Sono davvero pochi i libri italiani che non sono passati per questo paese di 11mila abitanti. Che non a caso definisce il suo quartiere industriale come «Città del libro».
Nel 2019, 700 lavoratori in sciopero bloccavano per sei giorni le forniture nelle librerie italiane. Anche in questo caso cooperative in subappalto, la maggior parte lavoratori di origine straniera. E condizioni infami. Si parla di 10mila libri da spostare in turni da 12 ore.
La ditta principale era Ceva, una multinazionale della logistica con sede legale in Olanda, un fatturato annuo da 7 miliardi e sedi in 160 paesi. Per qualche mese è finita in amministrazione giudiziaria, una misura pensata per «sanare» l’azienda e restituirla al mercato «ripulita» dallo sfruttamento. Cosa che è avvenuta nel febbraio 2020.
«Di notte, il mio compagno mi vedeva piangere sempre perché avevo dolori ovunque, in particolare forti dolori alle braccia e alle gambe. Sono stata in cura all’ospedale», si legge nelle carte dell’inchiesta. Ma soltanto la dura lotta del sindacato di base Si Cobas portava condizioni migliori.
Mele marce
«Pensando alla vicenda di caporalato scoperchiata dalla procura di Padova ci si aspetta uno scantinato fatiscente e invece ci si trova davanti a una vecchia villetta anni Sessanta nella campagna di Trebaseleghe». Il cronista del Corriere Veneto non nasconde il suo stupore. Comunemente, la «nuova schiavitù» si associa al degrado dei ghetti meridionali, non certo alle villette del padovano.

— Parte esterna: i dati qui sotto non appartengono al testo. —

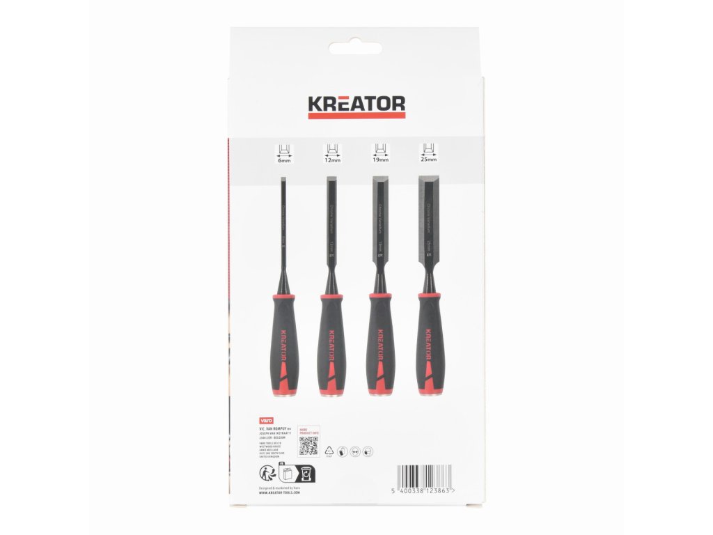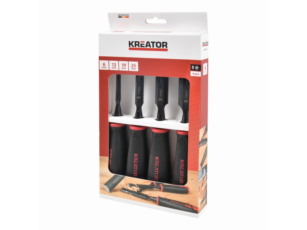 Dláto na dřevo je nezbytné pro každého kutila, který pracuje se dřevem. S těmito 4 plochými dláty KRTH23709 z naší řady Kreator na dřevo vysekáte různé tvary do dřeva. Jsou dlouhá 260 mm a každá čepel má jinou šířku: 6 / 12 / 19 / 25 mm. Díky robustní úderové hlavě v zadní části dláta můžete snadno použít kladivo pro vynaložení větší síly. Měkká protiskluzová rukojeť poskytuje pevný úchop.
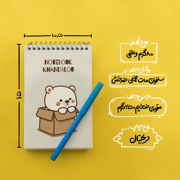 برند خندالو در زمینه تولید انواع دفاتر فانتزی و تحصیلی فعالیت میکند که به دلیل جذابیت ظاهری و طرح های متنوع طرفداران زیادی دارد. دفتر یادداشت خندالو طرح خرس بامزه محصولی مناسب برای همه عاشقان لوازم التحریر است و همچنین همه کسانی که بنا به موقعیت تحصیل یا شغلشان با دفتر و نوشت افزار زیاد سر و کار دارند. در تولید دفتر یادداشت خندالو طرح خرس بامزه از نوع صحافی فنر مارپیچ استفاده شده که در این نوع صحافی برگه‌ها به راحتی چرخیده و یا بیرون آورده می شوند.
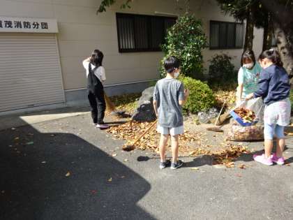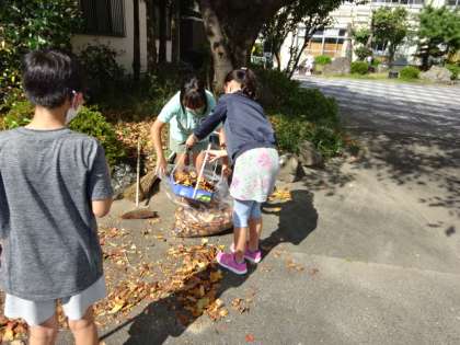 落ち葉の季節です。外掃除の5年生,落ち葉掃きに一生懸命です。すぐに袋がいっぱいになります。
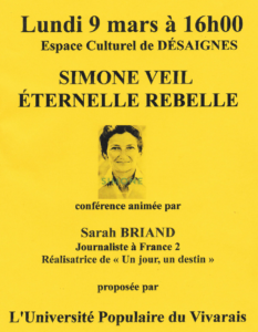 Cette conférence évoquera la personnalité de Simone Veil dont le destin fascine et intrigue.
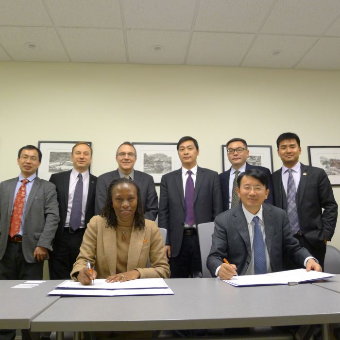 While visiting UIUC, the CSU delegation held group and individual meetings with university leaders and researchers. They first met with the Interim Provost and Vice Chancellor for Academic Affairs, Prof. Edward Feser. Vice President Chen and Provost Feser discussed existing and future collaborations across a range of subjects, including engineering and medicine. Topics discussed included potential cooperation on joint education programs, cutting-edge research innovation, and medical education and research. Provost Feser said:” We are delighted to welcome to UIUC today such a senior CSU delegation, from a leading academic center in China with which UIUC not only shares great similarity but also already has significant connections. I hope this visit will set our student exchange programs and research partnerships with CSU on a path to go from strength to strength.” Vice President Chen commented:” CSU cherishes its collaborations with UIUC. We have recently recruited several UIUC graduates as new faculty members such as Dr. Xiao; meanwhile, we have also invited UIUC’s world-renowned faculty members to serve as our guest professors, such as Prof. Erol Tutumluer from your department of Civil and Environmental Engineering (CEE), who was just competitively selected to be honored by China’s Ministry of Education as the 2016 Yangtze River Scholar. Thanks to such long lasting ties and friendship between the two universities, the cooperation can be extended across a much wider scale. We welcome more interactions among the students and professors from both universities to bring some real and practical projects to fruition.” Then, Vice President Chen attended the signing ceremony of the Memorandum of Understanding (MOU) and the “3+2 BS+MS” program agreement between CSU and UIUC and signed both documents into effect together with his counterpart, UIUC’s Vice Provost for International Affairs and Global Strategies Director, Dr. Reitumetse Obakeng Mabokela. Other members of the UIUC welcoming delegation that attended the ceremony included the Director of Illinois Strategic International Partnerships, Dr. Tim Barnes, the Director of International Programs of the CEE department, Prof. Erol Tutumluer, and the International Visitors and Protocol Specialist, Ms. Lauren Karplus. During the visit, the CSU delegation also met with UIUC’s Executive Associate Dean of College of Engineering, Prof. Martin D.F. Wong, Head of the CEE department, Prof. Benito Marinas, and Associate Head and Director of Graduate Studies and Research of the CEE department, Prof. Jeffery Roesler. Both sides had fruitful dialogues and exchanged visions regarding undergraduate study abroad program, summer camp activities, scholarly exchange opportunities, and research collaborations at the level of Civil Engineering programs and beyond. The CSU delegation completed its UIUC visit by touring the world-class research facilities housed at the Newmark Structural Engineering Laboratory (NSEL) and the Research & Innovation Laboratory (RAIL) for railway infrastructure. Such tours were guided respectively by Prof. Bill Spencer, Director of the NSEL, and Prof. M. Rapik Saat and Research Engineer Dr. Yu Qian, both with the Rail Transportation and Engineering Center (RAILTEC).
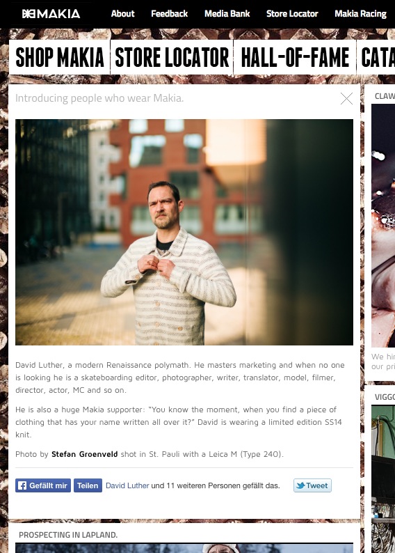 Dabei trug er unter anderem eine schicke Jacke vom finnischen Modelabel Makia. Die nun wiederrum mochten dann mein Bild. Deswegen haben sie nun extra eine neue Kategorie auf ihrer Homepage eröffnet: „people who wear Makia„.
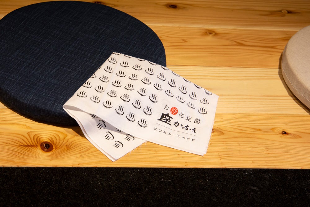 足湯上がりに足を拭く、座-KURA-かふぇオリジナル手拭いもプレゼント。カップルやご夫婦、観光の合間の方も、どうぞお気軽にお立ち寄りください。
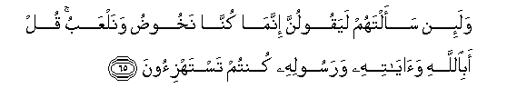 65. Wala-in saaltahum layaqoolunna innama kunna nakhoodu wanalAAabu qul abiAllahi waayatihi warasoolihi kuntum tastahzi-oona
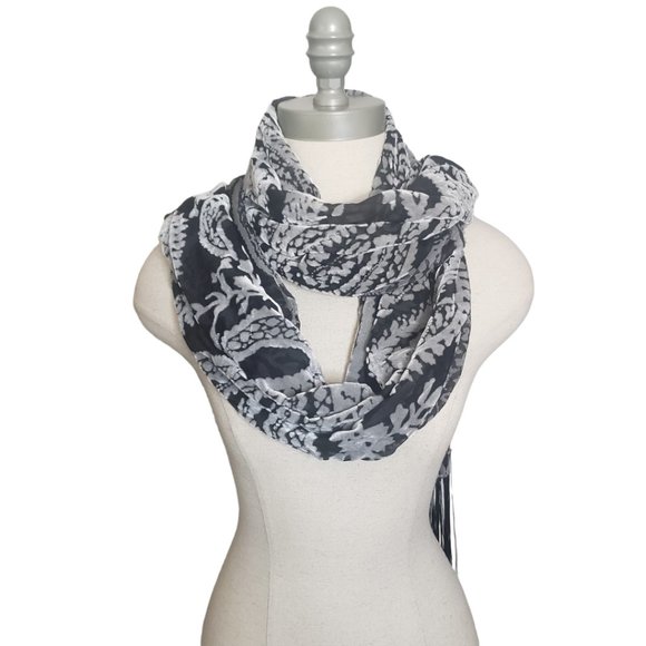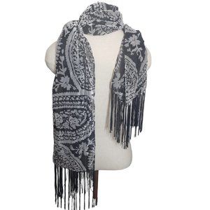 CT829 Style & Co White & Black Fringed Wrap
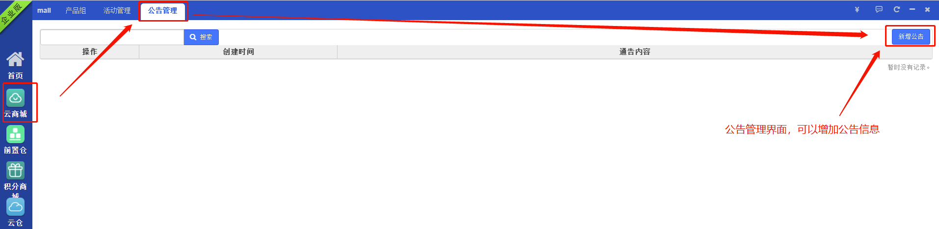 6、公告管理界面,可以增加公告信息,客户在订制手机APP上可以看到公告信息

I luoghi comuni sull’argomento contribuiscono a consolidare il fenomeno. Invece anche l’insospettabile filiera del libro si basa sul grave sfruttamento. E sul subappalto, vero nodo di un caporalato mascherato di «normalità». Un sistema messo sotto accusa sia dai numerosi fronti di conflitto sindacale che dall’applicazione della legge 199/2016, una misura contro lo sfruttamento. Ma che da sola non basta: «Il subappaltatore, per le prestazioni affidate, deve garantire gli stessi standard qualitativi e prestazionali previsti nel contratto di appalto e riconoscere ai lavoratori un trattamento economico e normativo non inferiore a quello che avrebbe garantito il contraente principale», propone Aldo Marturano, segretario generale della Cgil di Padova.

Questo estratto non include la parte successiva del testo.